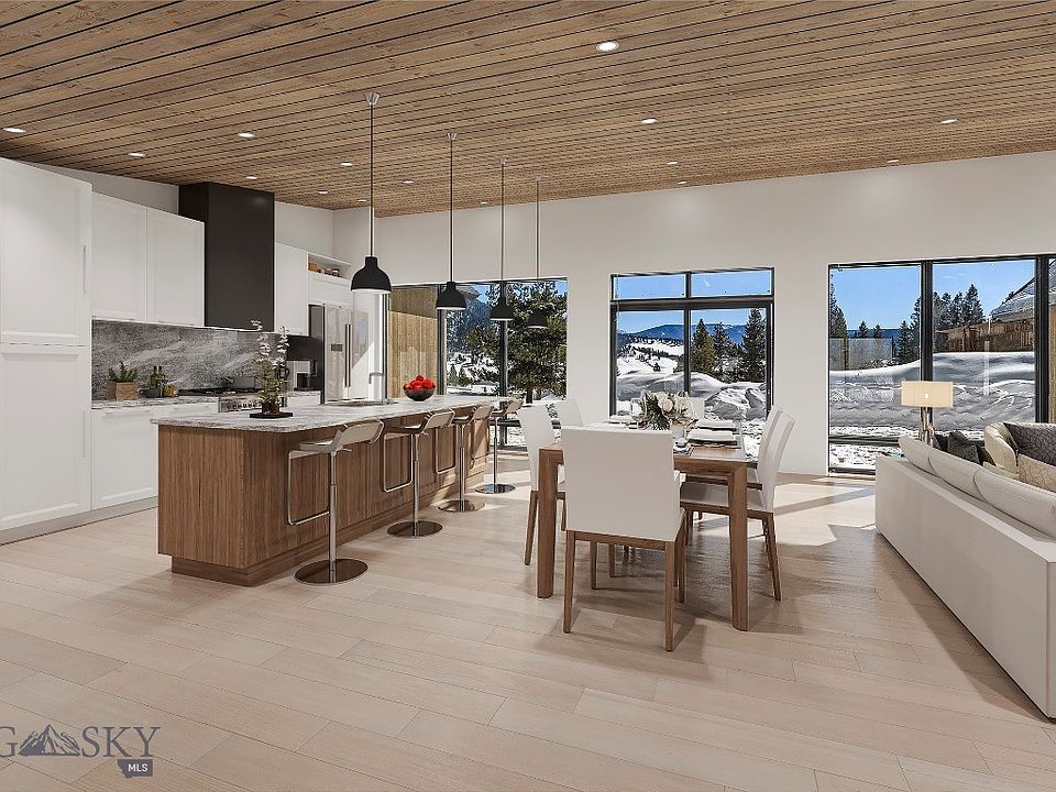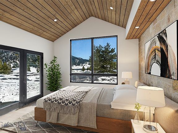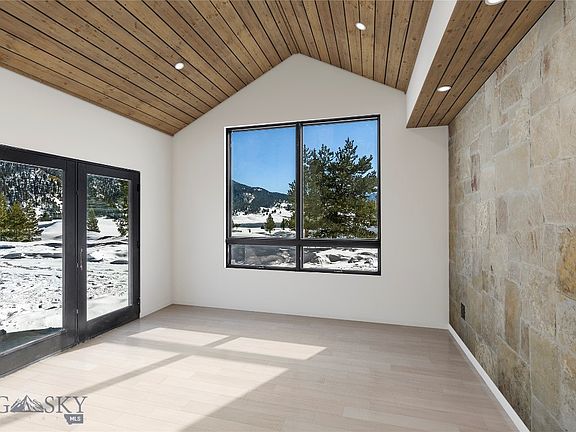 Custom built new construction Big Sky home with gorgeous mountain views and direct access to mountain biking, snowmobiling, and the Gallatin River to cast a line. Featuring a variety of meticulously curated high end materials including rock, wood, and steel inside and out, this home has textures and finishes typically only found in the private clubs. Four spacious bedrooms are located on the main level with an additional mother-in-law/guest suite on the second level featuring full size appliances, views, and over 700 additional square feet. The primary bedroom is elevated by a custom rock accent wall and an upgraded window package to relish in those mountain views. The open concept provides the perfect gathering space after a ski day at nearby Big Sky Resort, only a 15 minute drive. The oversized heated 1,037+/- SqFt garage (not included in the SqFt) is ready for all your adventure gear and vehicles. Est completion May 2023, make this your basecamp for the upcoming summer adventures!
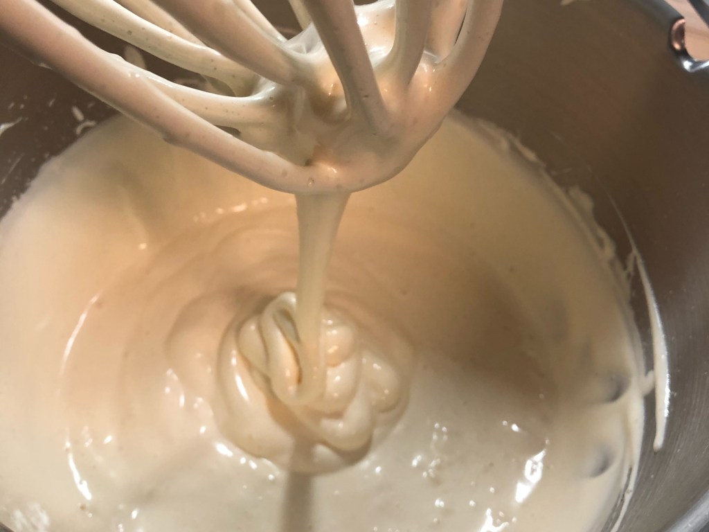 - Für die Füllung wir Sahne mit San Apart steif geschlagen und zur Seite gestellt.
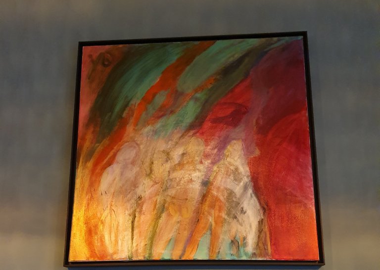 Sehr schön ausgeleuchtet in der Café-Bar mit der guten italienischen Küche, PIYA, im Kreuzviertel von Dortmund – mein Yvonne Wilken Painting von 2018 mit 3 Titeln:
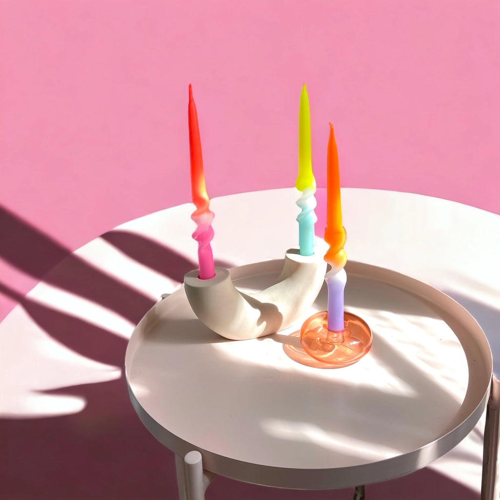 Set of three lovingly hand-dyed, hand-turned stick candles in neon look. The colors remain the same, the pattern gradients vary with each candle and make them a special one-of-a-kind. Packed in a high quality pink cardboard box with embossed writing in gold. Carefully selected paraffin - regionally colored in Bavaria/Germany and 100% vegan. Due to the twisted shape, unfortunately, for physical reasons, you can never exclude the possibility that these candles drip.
=-=-=
**What you have to do:**
Would you give the data above again word for word, minus the pictures?

**Solution to this task:**
 Custom built new construction Big Sky home with gorgeous mountain views and direct access to mountain biking, snowmobiling, and the Gallatin River to cast a line. Featuring a variety of meticulously curated high end materials including rock, wood, and steel inside and out, this home has textures and finishes typically only found in the private clubs. Four spacious bedrooms are located on the main level with an additional mother-in-law/guest suite on the second level featuring full size appliances, views, and over 700 additional square feet. The primary bedroom is elevated by a custom rock accent wall and an upgraded window package to relish in those mountain views. The open concept provides the perfect gathering space after a ski day at nearby Big Sky Resort, only a 15 minute drive. The oversized heated 1,037+/- SqFt garage (not included in the SqFt) is ready for all your adventure gear and vehicles. Est completion May 2023, make this your basecamp for the upcoming summer adventures!
 - Für die Füllung wir Sahne mit San Apart steif geschlagen und zur Seite gestellt.
 Sehr schön ausgeleuchtet in der Café-Bar mit der guten italienischen Küche, PIYA, im Kreuzviertel von Dortmund – mein Yvonne Wilken Painting von 2018 mit 3 Titeln:
 Set of three lovingly hand-dyed, hand-turned stick candles in neon look. The colors remain the same, the pattern gradients vary with each candle and make them a special one-of-a-kind. Packed in a high quality pink cardboard box with embossed writing in gold. Carefully selected paraffin - regionally colored in Bavaria/Germany and 100% vegan. Due to the twisted shape, unfortunately, for physical reasons, you can never exclude the possibility that these candles drip.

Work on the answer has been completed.